Die Politik geht die Reform des kirchlichen Arbeitsrechts langsam an
Das kirchliche Arbeitsrecht ist von mehreren Seiten unter Druck: Seit Jahren schränken Gerichte, angeführt vom Europäischen Gerichtshof, die Möglichkeiten der Kirche als Arbeitgeberin ein. Auch bei den Bischöfen, die zugleich Gesetzgeber und oberste Dienstherren in der Kirche sind, ist klar, dass die bisherigen Anforderungen an die persönliche Lebensführung ihrer Mitarbeiter nicht zu halten sind. Nach dem Coming-out von queeren Kirchenmitarbeitenden in der Aktion "#OutInChurch" und einer klaren Abstimmung der dritten Synodalversammlung beeilten sich immer mehr Bischöfe und Generalvikare, die anstehende Reform der Grundordnung in Form von Selbstverpflichtungen vorwegzunehmen – zum Druck von den Gerichten kommt der Druck der Gläubigen und Beschäftigten.

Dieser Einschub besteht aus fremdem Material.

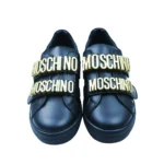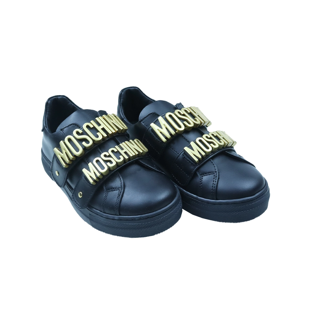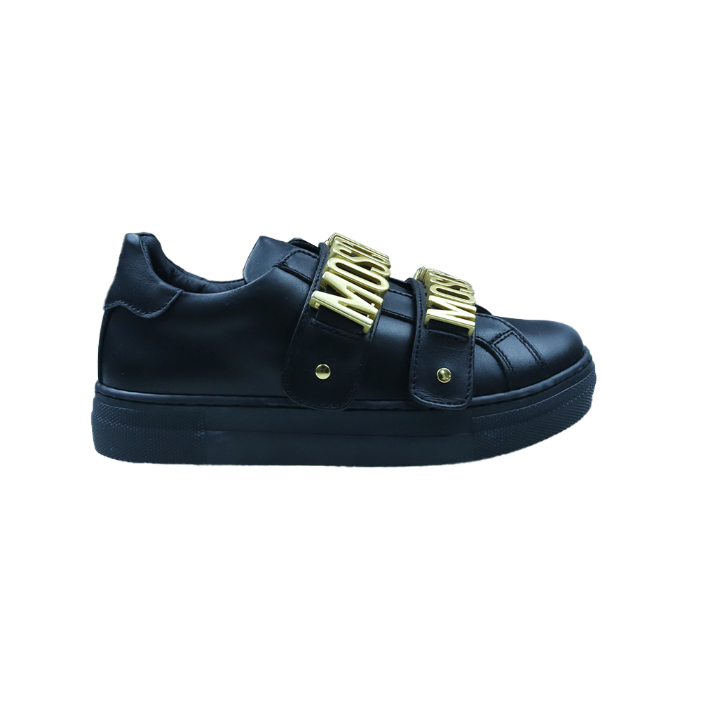 Kids Black Leather Logo Shoes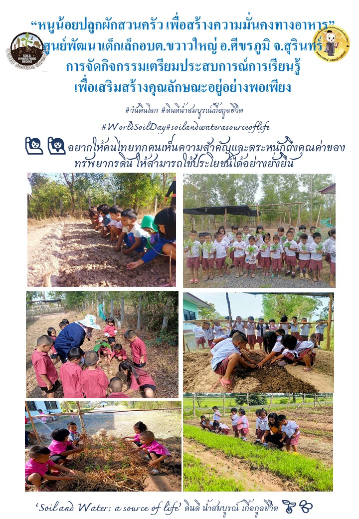 ชื่อเรื่อง : การจัดกิจกรรมสร้างความตระหนักรู้ในการฟื้นฟูและอนุรักษ์ทรัพยากรดิน เนื่องในโอกาสครบรอบ 1 ปี การประกาศเจตนารมณ์ขับเคลื่อนประเทศไทยที่ยั่งยืนในศูนย์พัฒนาเด็กเล็กและโรงเรียนที่จัดการศึกษาระดับปฐมวัยสังกัดองค์กรปกครองส่วนท้องถิ่น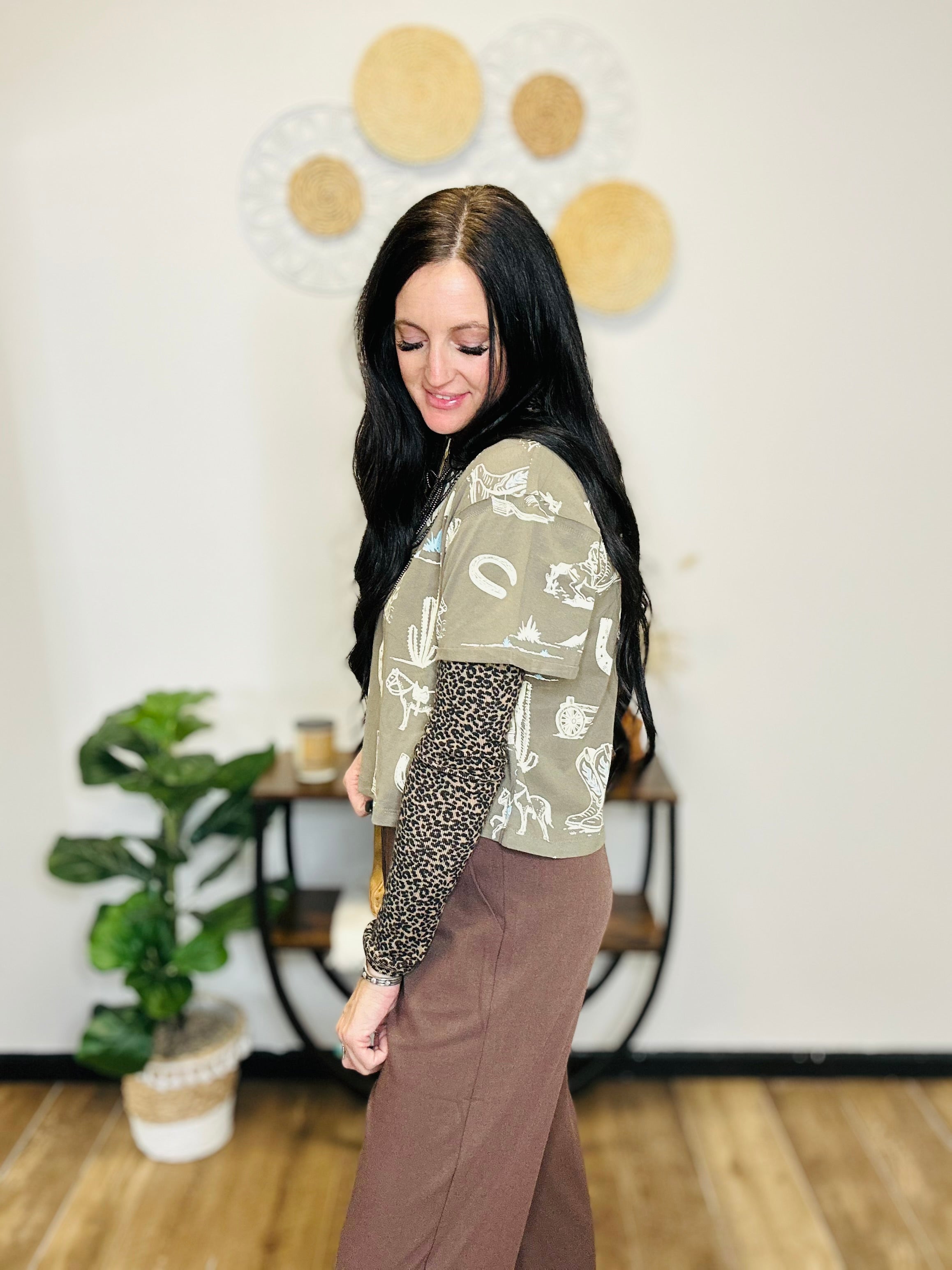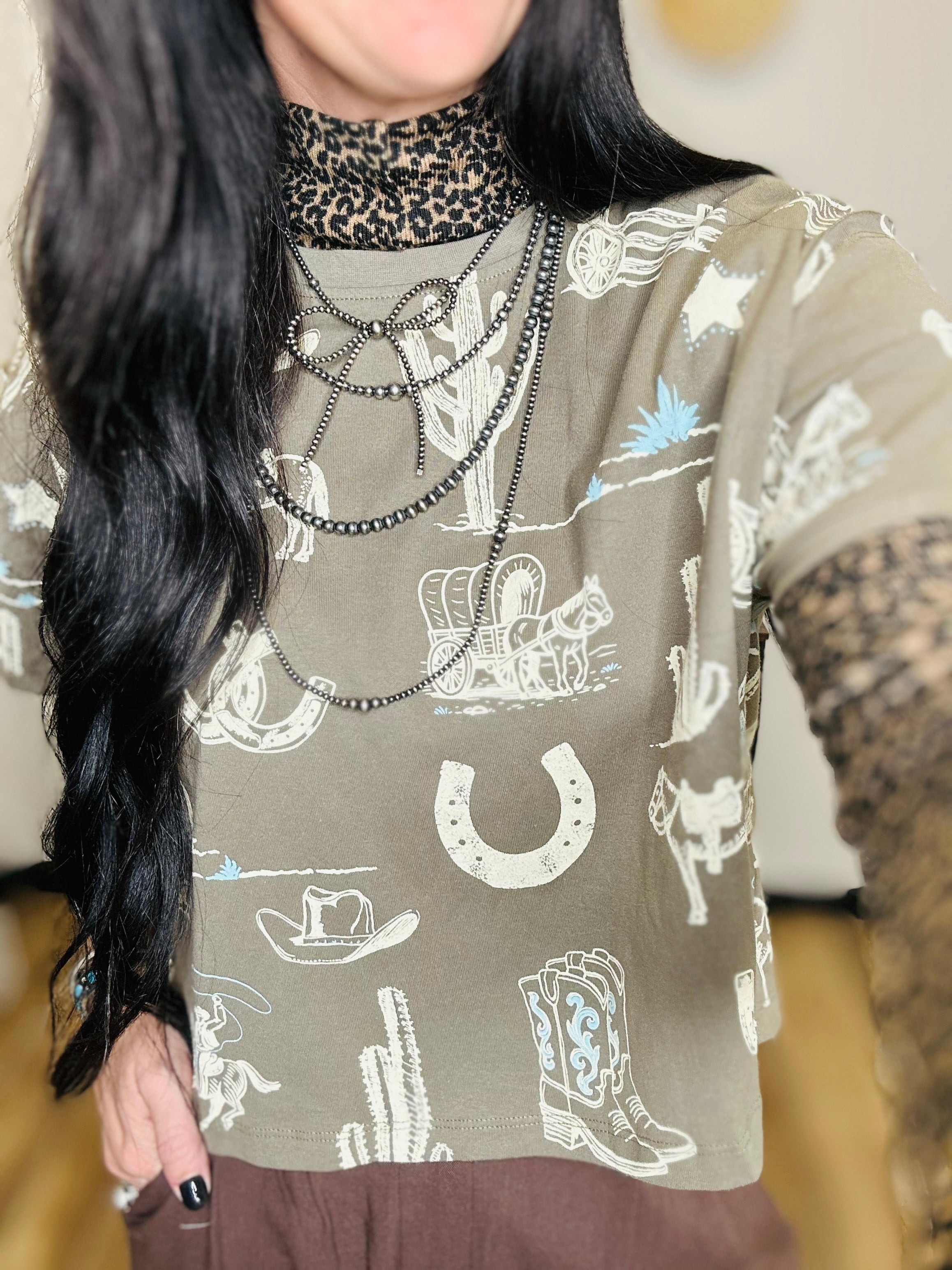 Clancy Western Print Boxy Tee - Olive| Motis and Co Boutique – Motis & CO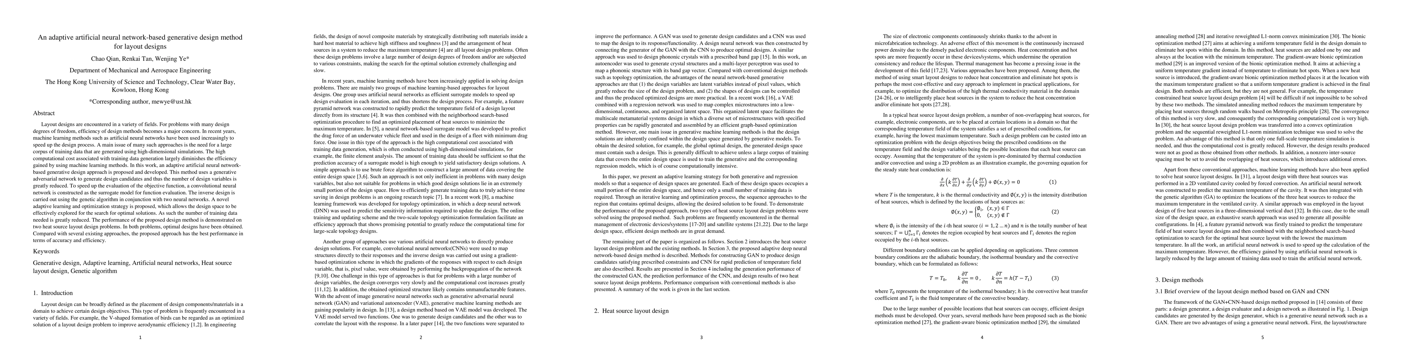 This paper proposes an adaptive artificial neural network-based generative design method that utilizes a generative adversarial network to generate design candidates and a convolutional neural network as a surrogate model for efficient evaluation. The method significantly reduces the need for extensive training data, demonstrating superior accuracy and efficiency in heat source layout design problems.

Druck könnte auch die Politik ausüben: Nach 16 Jahren CDU-geführter Regierungen steht den Kirchen erstmals wieder eine Regierungsmehrheit gegenüber, die die Besonderheiten des kirchlichen Arbeitsrechts durchweg kritisch sieht. Doch schon der Koalitionsvertrag war zurückhaltender, als es Gewerkschaften gehofft und Kirchen gefürchtet hatten: Lediglich einen Prüfauftrag hat die Ampel dort formuliert. "Gemeinsam mit den Kirchen prüfen wir, inwiefern das kirchliche Arbeitsrecht dem staatlichen Arbeitsrecht angeglichen werden kann. Verkündungsnahe Tätigkeiten bleiben ausgenommen", hieß es dort unter dem Schlagwort "Mitbestimmung" im Kapitel zur Arbeitspolitik. Während derzeit vor allem die Loyalitätspflichten im Bereich der persönlichen Lebensführung im Blick sind, ist es gerade den Gewerkschaften ein Dorn im Auge, dass das Betriebsverfassungsgesetz für Religionsgemeinschaften nicht gilt und die Kirchen stattdessen eigene Mitarbeitervertretungsordnungen erlassen, die weniger Rechte für Beschäftigte vorsehen. Der "Dritte Weg" der Kirchen im Arbeitsrecht setzt auf die Einigung von Kommissionen aus Dienstnehmern und Dienstgebern statt auf Mittel des Arbeitskampfes, um Arbeitsbedingungen zu regeln.
Noch keine konkreten Pläne bei den zuständigen Ministerien
Allzu hohe Priorität scheint der Prüfauftrag des Koalitionsvertrags in der Regierung nicht zu haben. Ein Sprecher des Arbeitsministeriums verweist auf Anfrage auf die für das Staats-Kirche-Verhältnis zuständigen Ministerien des Inneren und der Justiz, ohne auf konkrete Anfragen zu Ausnahmen für Kirchen bei der betrieblichen Mitbestimmung und im Antidiskriminierungsrecht einzugehen. Ein Sprecher des Innenministeriums belässt es "in Abstimmung mit dem Bundesjustizministerium" bei diplomatischen Formeln: "Der regelmäßige und respektvolle Austausch mit den Religionsgemeinschaften bleibt für die Bundesregierung ein wichtiges Anliegen."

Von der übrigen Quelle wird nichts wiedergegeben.